:: Material for this exercise

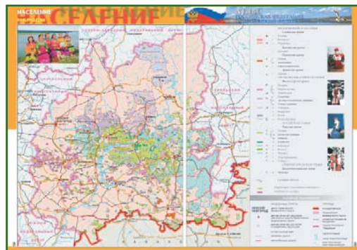
Рис. 4 Раздел «Население» второго издания атласа

Раздел «Регионы Приволжского федерального округа» претерпит наиболее существенные изменения. Кроме специально разработанных карт территорий субъектов Российской Федерации в масштабах 1:600 000–1:1 800 000, планов городов — столиц и административных центров в масштабах 1:30 000–1:80 000, а также справочной информации, предполагается в каждом регионе разместить 8 тематических карт и 3 карты-врезки. По каждому региону предполагается разра-
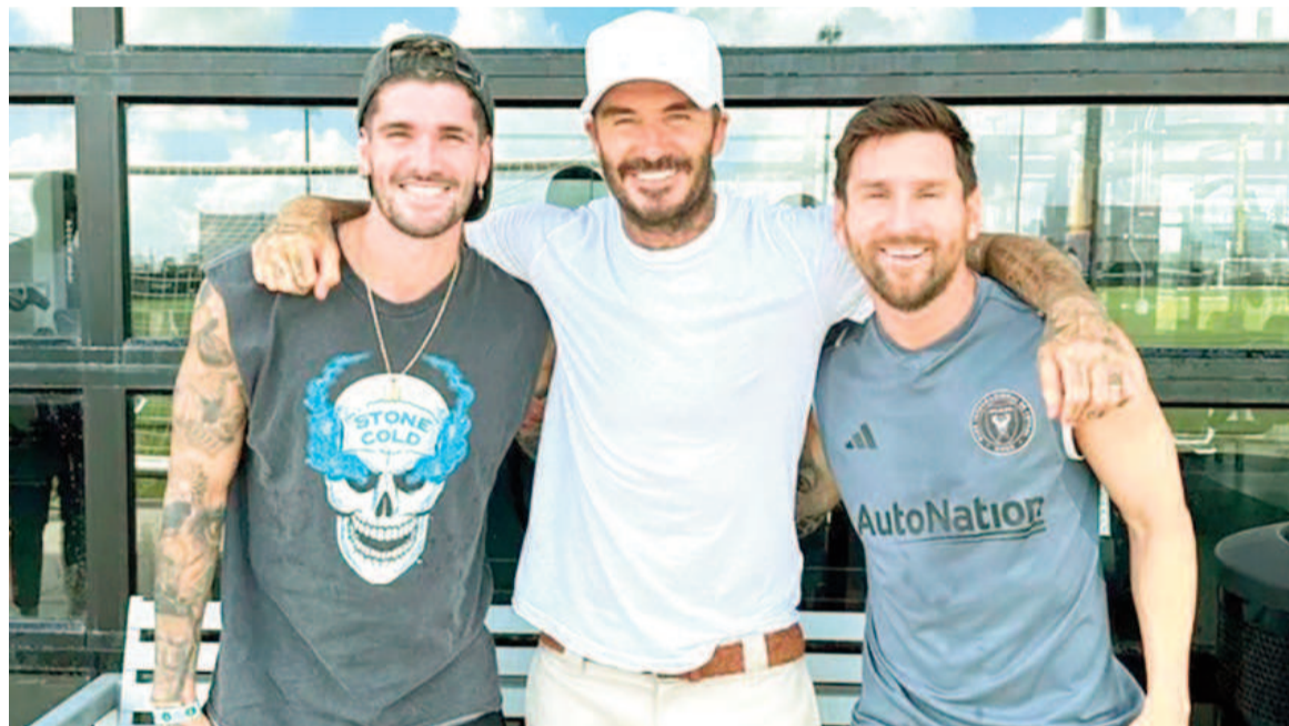
De Paul, David Beckham y Messi, juntos en Miami.

Se trata del quinto equipo en la carrera del exRacing, que jugó en Valencia, Udinese y llega procedente de Atlético de Madrid, donde disputó cuatro temporadas y anotó 14 goles en 186 encuentros.
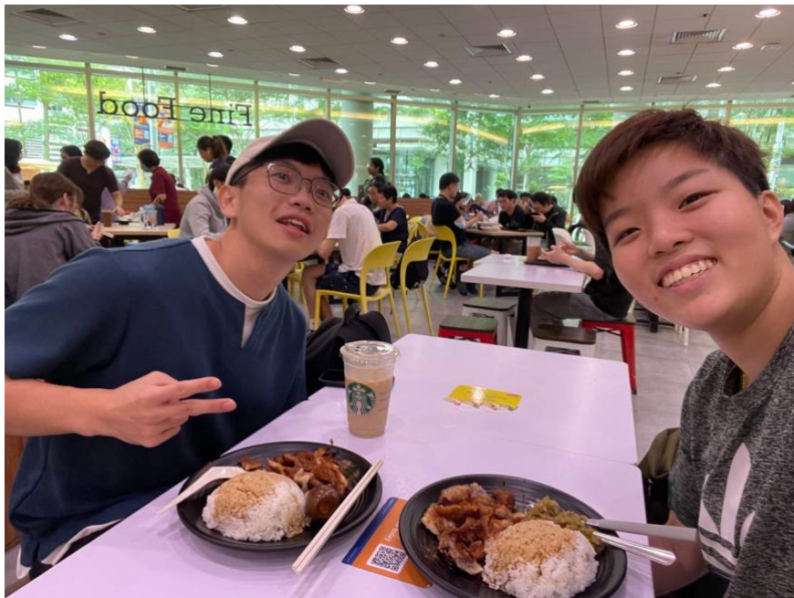
在 U-TOWN 第一次跟我的 Buddy 吃飯

新加坡大學在開學大概一週前，會寄信詢問是否需要 buddy，建議大家可以申請，運氣好的話可以遇到人很好的夥伴，一起帶你認識學校跟新加坡，讓剛去陌生地的交換生多了一份安全感。

::::

# What this task involves
A word-for-word copy of the data above is needed, one that omits the pictures.

# Answer to this task
Рис. 4 Раздел «Население» второго издания атласа

Раздел «Регионы Приволжского федерального округа» претерпит наиболее существенные изменения. Кроме специально разработанных карт территорий субъектов Российской Федерации в масштабах 1:600 000–1:1 800 000, планов городов — столиц и административных центров в масштабах 1:30 000–1:80 000, а также справочной информации, предполагается в каждом регионе разместить 8 тематических карт и 3 карты-врезки. По каждому региону предполагается разра-
De Paul, David Beckham y Messi, juntos en Miami.

Se trata del quinto equipo en la carrera del exRacing, que jugó en Valencia, Udinese y llega procedente de Atlético de Madrid, donde disputó cuatro temporadas y anotó 14 goles en 186 encuentros.
在 U-TOWN 第一次跟我的 Buddy 吃飯

新加坡大學在開學大概一週前，會寄信詢問是否需要 buddy，建議大家可以申請，運氣好的話可以遇到人很好的夥伴，一起帶你認識學校跟新加坡，讓剛去陌生地的交換生多了一份安全感。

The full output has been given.